En el bullicio del aeropuerto tuve oportunidad
de comer el sándwich con doble queso, y el jugo que mi madre
me había preparado y sabía que no tendría muchos de esos en los próximos meses
a si que los disfruté al máximo.
Cuando estaba listo para abordar el avión, vi a
una señora con un embarazo casi de 11 meses, la pobre mujer se movía con tanta dificultad
que un elefante habría bailado ballet si ella lo pedía, le pregunté si estaría
cómoda en su asiento, pero dijo que no importaba la comodidad, sino llegar a su
destino. Le pregunté a la encargada en el mostrador de la aerolínea si podía
cambiar mi asiento en primera clase por el de la señora para que tuviera más
espacio, con una sonrisa y un guiño me dijo que no podía ser más amable. Cuando
le cambié mi boleto, la mujer sonrió tanto que pensé que el niño saldría por su
boca.
Miré el número de mi nuevo asiento: 17B.
Cuando me tocó abordar me encontré con un
pasillo tan reducido que apenas podría respirar, en el asiento junto a la ventanilla
había una mujer poco interesada con mi presencia, tenía una cámara en sus manos
y cuando encontró algo que tomar, hizo su tiro y luego dejó su cámara a un lado
y me prestó un poco de atención.
Movió un poco la back pack que estaba a sus
pies. No pude reconocer la nacionalidad de sus rasgos. Algo más captó afuera su atención y volvió a tomar su cámara
disparando un par de veces. Cuando finalmente guardo su cámara, tomó su celular
de su bolsillo y envió un mensaje de texto.
Intenté estirarme en el limitado espacio y mi vecina, con un acento extraño me preguntó
si tenía suficiente espacio: “Suficiente por el precio del boleto”, le
respondí. Ella sonrió y me dijo que era tonto pagar por boletos de primera
clase, pues cuando el avión se cae, no hay distinciones.
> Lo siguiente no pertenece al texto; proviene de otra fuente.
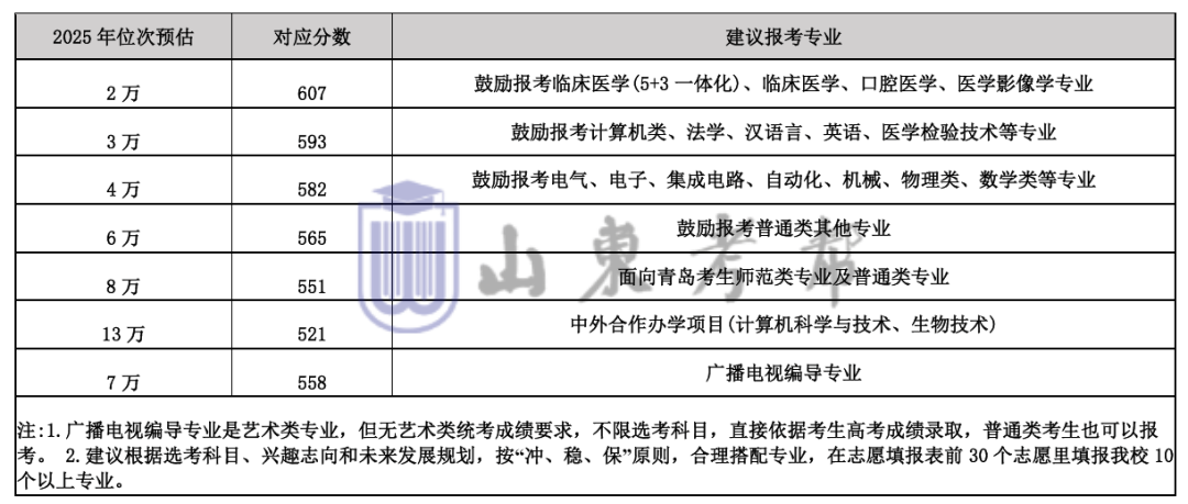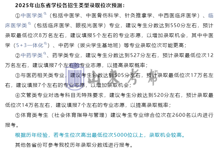 2025年山东第一医科大学各专业报考建议位次如下——
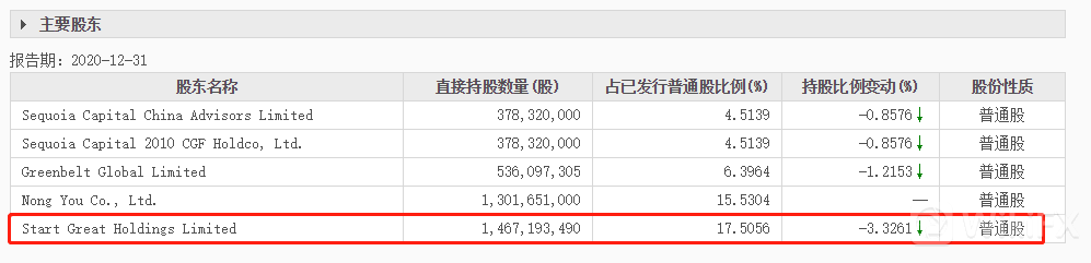 消息面,蒙牛乳业旗下全资子公司Start Great收购中国圣牧10.46亿股份,收购后,累计持有中国圣牧29.99%的股权。下图为截止2020年12月31日,Start Great对中国圣牧的股份比重,未加入最新持股。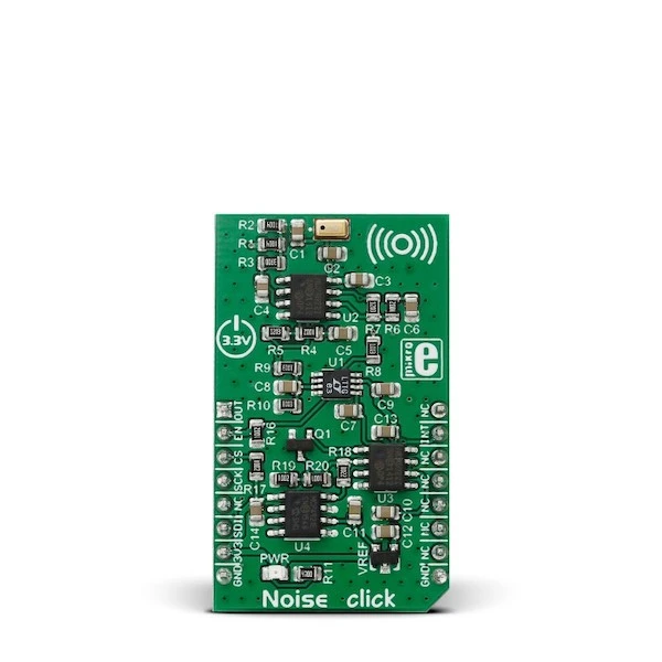 Noise Click is a mikroBUS™ add-on board with noise detecting circuitry. It enables you to set a noise detection threshold for alarm systems, environmental monitoring or data logging.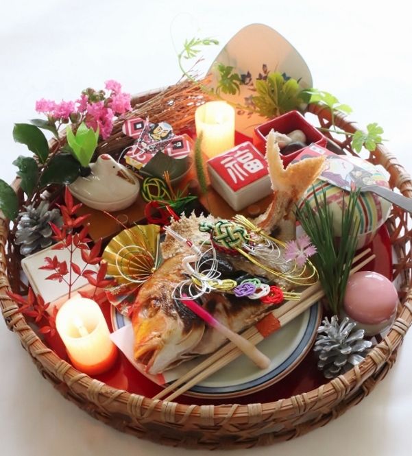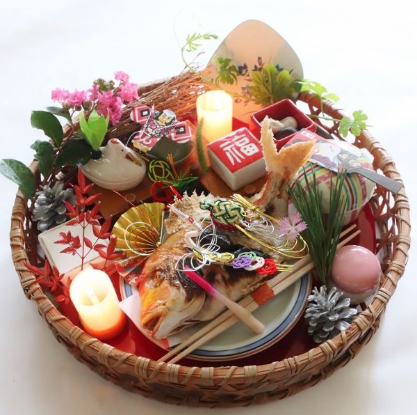 おめでたい朱籠に、連子鯛の姿焼きを中心に、

Ambos reímos y ella
estiró las piernas y acomodó un suéter a modo de almohada, increíblemente,
parecía que el espacio era suficiente para ella.
Volvió a sacar su celular para leer el mensaje
de texto que le había llegado y sonriendo dijo: “Estoy regresando a casa
después de dictar una conferencia y ya tengo ofertas para otra del otro lado
del país”.
En ese momento se anunció el cierre de la
puerta del avión y comenzó el avión a moverse. Extrañamente no había nadie al
otro lado de mi asiento. No sería tan malo el viaje después de todo.
No pude evitar hacer plática, pensé que su
acento era interesante, un tanto educado por lo que comencé a sondear: ¿vas a
Chicago de visita?
“No”, respondió ella con una gran sonrisa, “ahí
vivo, fui a Atlanta a dar una conferencia y no puedo esperar para volver a
casa”.
Oh, ¿a qué te dedicas?.
“Soy asesor educativo”.
Sus respuestas eran cortas, bien pensadas, como
no queriendo ahondar, creo que no le gustó mucho el interrogatorio, así que
preguntó: ¿Y usted?
Le conté con lujo de detalles que me tenía en
ese avión y no pudimos evitar entablar una charla
sobre educación, retos, perspectivas, historias, ejemplos; en realidad yo
hablaba y ella escuchaba, pero cuando decía algo me brindaba información
profunda sobre el tema de la educación. Cuando nos dimos cuenta, estábamos
aterrizando en Chicago.
Ella me permitió ver por la ventana el centro
de la ciudad, disfruté una vista extraordinario de una ciudad frente a un lago
tan grande que parece un mar.
Me preguntó a que parte de la ciudad iría,
cuando le dije que tenía un departamento a dos calles de la escuela, me sonrió y dijo:
“Puedo llevarlo, me queda de camino, si no le importa”.
Pretendí que no era necesario pero estando en
una ciudad donde no conocía a nadie la oferta no pudo ser mejor. A demás, era
bueno ahorrar el dinero de la renta del auto.
Me atreví a pedirle su correo electrónico y le
pregunté si la podría molestar cuando tuviera dudas, tomando un papel y una
pluma pequeñita, escribió su nombre y su correo cuando Gabrielle me lo dio,
y dijo: “nada me hace más feliz que poder ayudar a un maestro con problemas”.